WHAT TO WORK ON
An exact reprint of the listing is required, with no pictures included.

SUPPLIED INFORMATION
◆ ◆ ◆
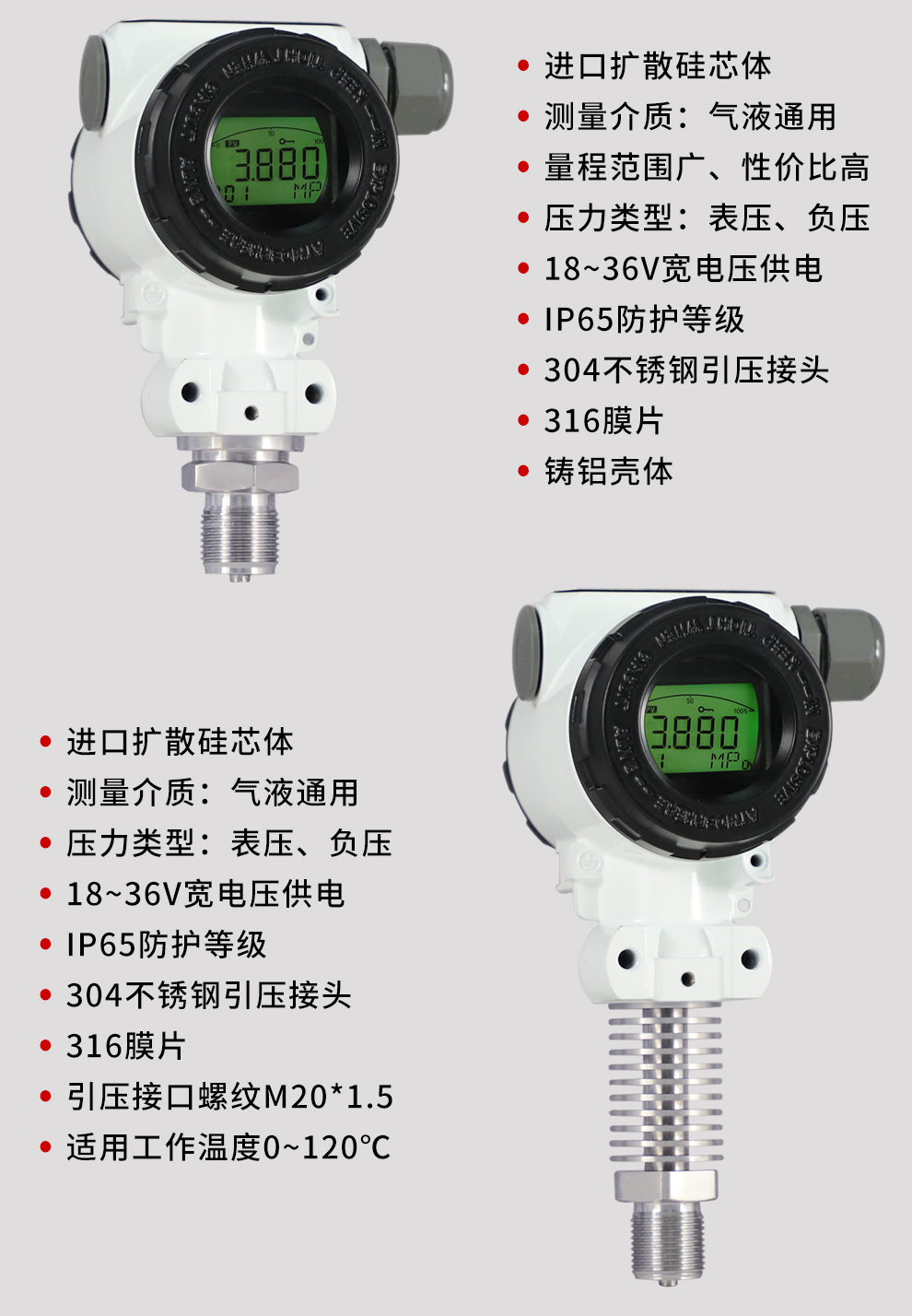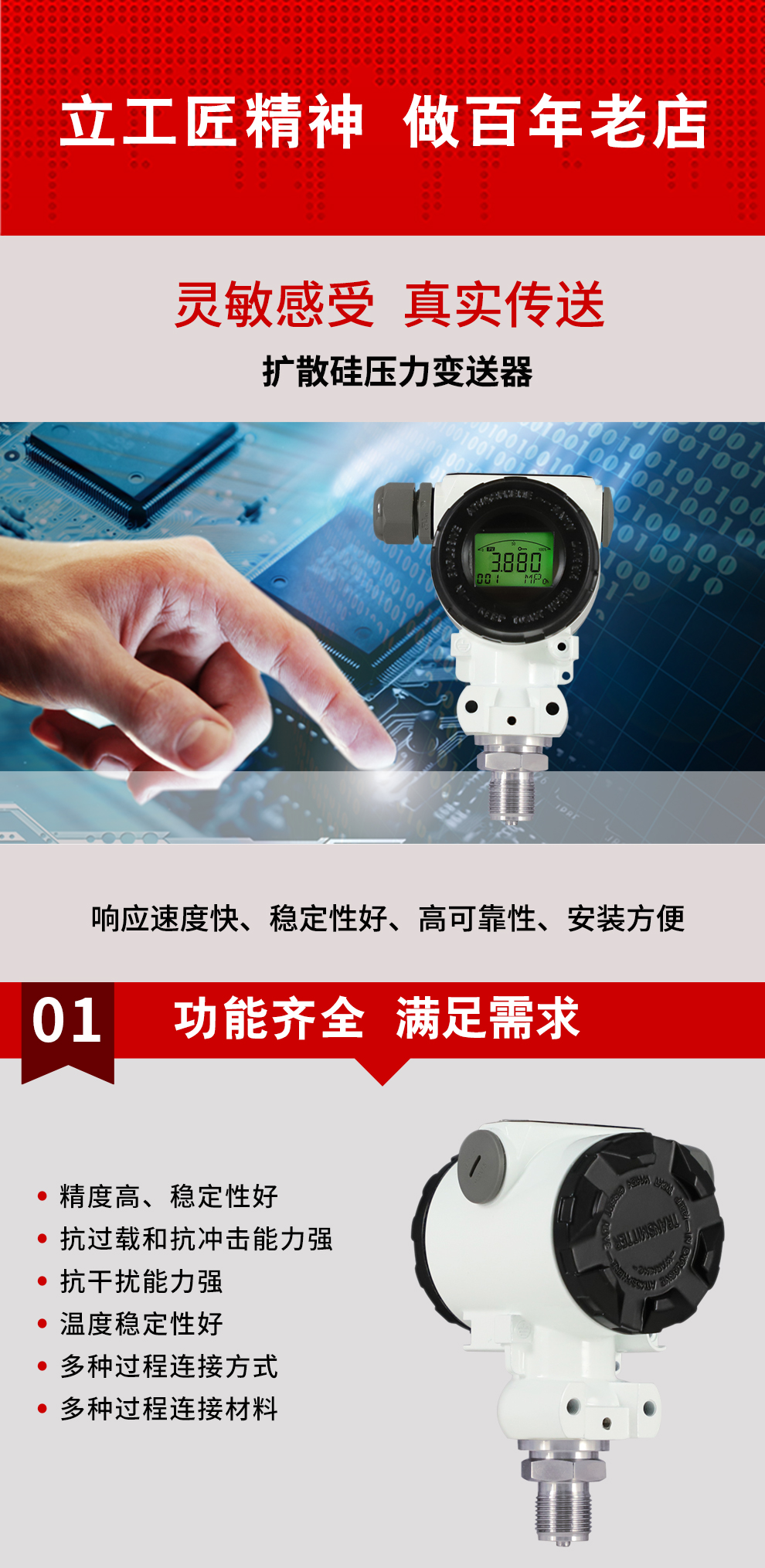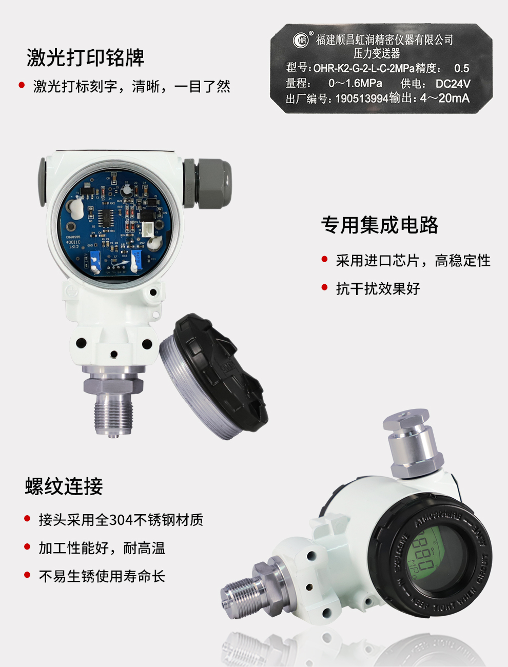 虹潤公司是專業生產壓力變送器的國家專精特新“小巨人”企業,生產的擴散硅壓力變送器,具有精度高,穩定性好,響應速度快,高可靠性,抗過載和抗沖擊能力強,安裝方便等特點。產品獲得一種數字顯示低功耗壓力表、一種信號發生器裝置等2項國家發明專利,主持起草工業過程控制系統用模擬輸入兩位或多位輸出儀表、工業過程測量和控制系統用壓力/差壓變送器等2項國家標準,通信系統多通道數據采集控制終端規范軍用標準,以及現場設備集成等5項智能制造國家標準。參與國際5G標準制定,取得數顯壓力表等2項相關軟件著作權。產品廣泛應用于化工、食品、制藥、電力、設備配套、供暖、水處理、樓宇等行業,需精準測量流體壓力的現場。
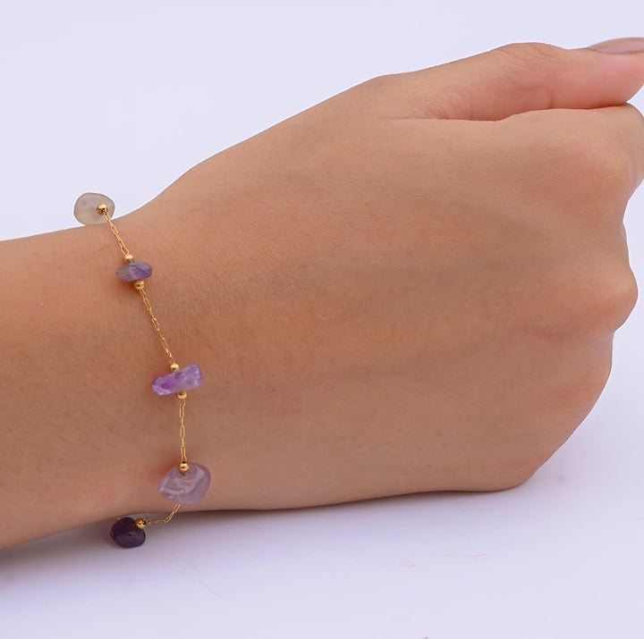 A delicate balance of raw and refined — this bracelet/necklace features hand-selected semi-precious stones paired with a sleek stainless steel chain. Water-resistant and tarnish-free, it’s designed for everyday wear — whether you're out in the sun, caught in the rain, or taking a dip. Each stone tells its own story, untouched and naturally beautiful — just like you.
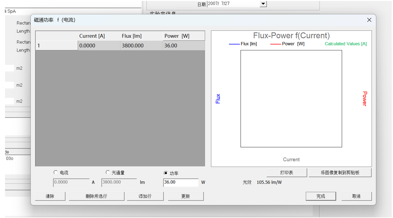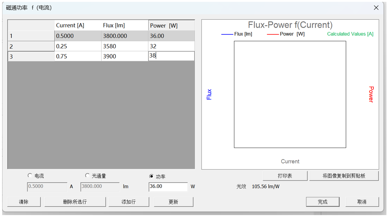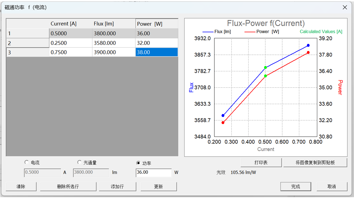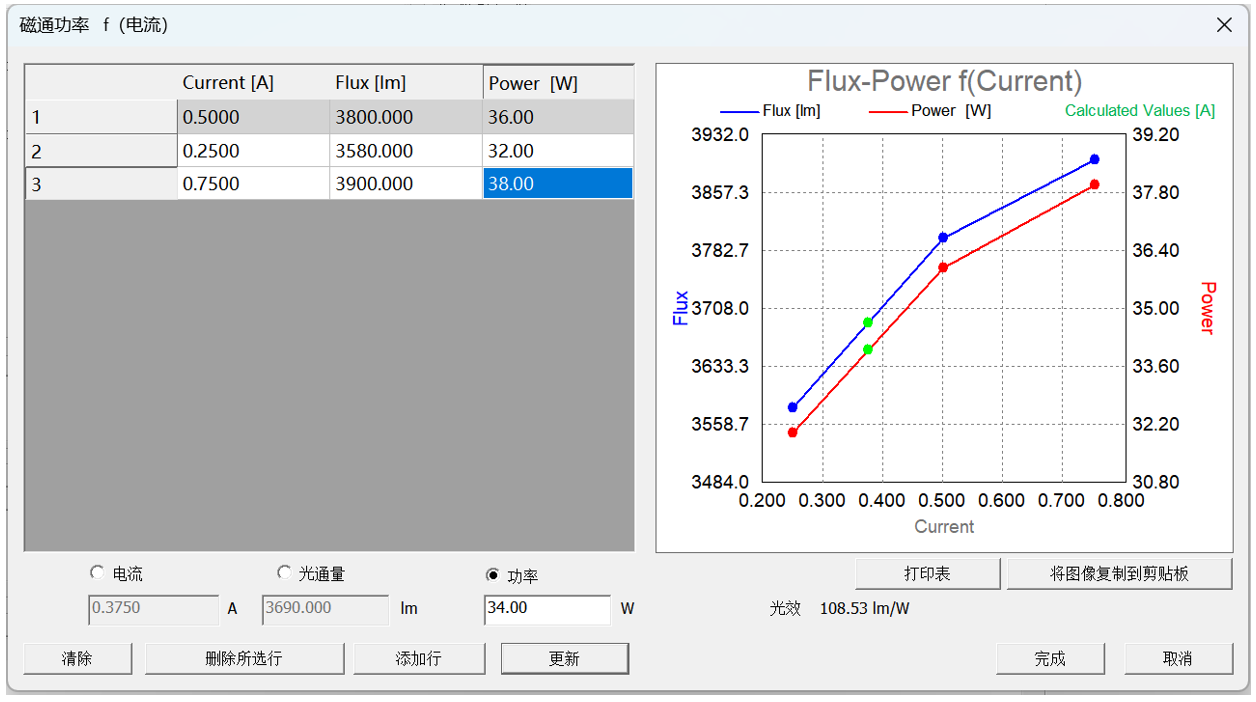將功率改為34W后,點(diǎn)擊更新,可以查看在此條件下的光通量和電流,點(diǎn)擊完成,保存為OXL文件(保存其它文件格式時(shí),只能保留一組數(shù)據(jù)),保存后,再次導(dǎo)入時(shí)可以看到完整的數(shù)據(jù)
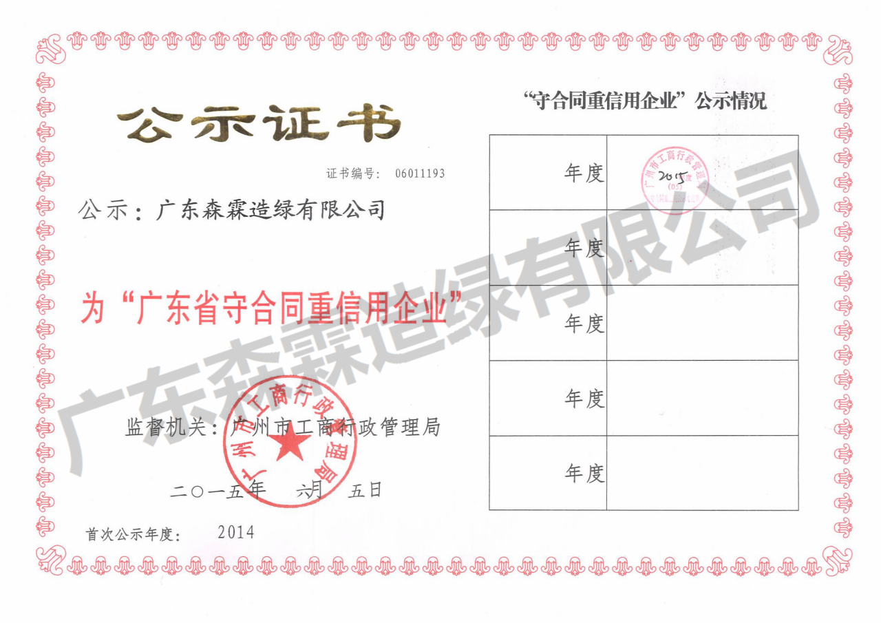 廣東省守合同重信用企業(yè)公示證書
◆ ◆ ◆
RESULT OF THIS TASK
 虹潤公司是專業生產壓力變送器的國家專精特新“小巨人”企業,生產的擴散硅壓力變送器,具有精度高,穩定性好,響應速度快,高可靠性,抗過載和抗沖擊能力強,安裝方便等特點。產品獲得一種數字顯示低功耗壓力表、一種信號發生器裝置等2項國家發明專利,主持起草工業過程控制系統用模擬輸入兩位或多位輸出儀表、工業過程測量和控制系統用壓力/差壓變送器等2項國家標準,通信系統多通道數據采集控制終端規范軍用標準,以及現場設備集成等5項智能制造國家標準。參與國際5G標準制定,取得數顯壓力表等2項相關軟件著作權。產品廣泛應用于化工、食品、制藥、電力、設備配套、供暖、水處理、樓宇等行業,需精準測量流體壓力的現場。
 A delicate balance of raw and refined — this bracelet/necklace features hand-selected semi-precious stones paired with a sleek stainless steel chain. Water-resistant and tarnish-free, it’s designed for everyday wear — whether you're out in the sun, caught in the rain, or taking a dip. Each stone tells its own story, untouched and naturally beautiful — just like you.
將功率改為34W后,點(diǎn)擊更新,可以查看在此條件下的光通量和電流,點(diǎn)擊完成,保存為OXL文件(保存其它文件格式時(shí),只能保留一組數(shù)據(jù)),保存后,再次導(dǎo)入時(shí)可以看到完整的數(shù)據(jù)
 廣東省守合同重信用企業(yè)公示證書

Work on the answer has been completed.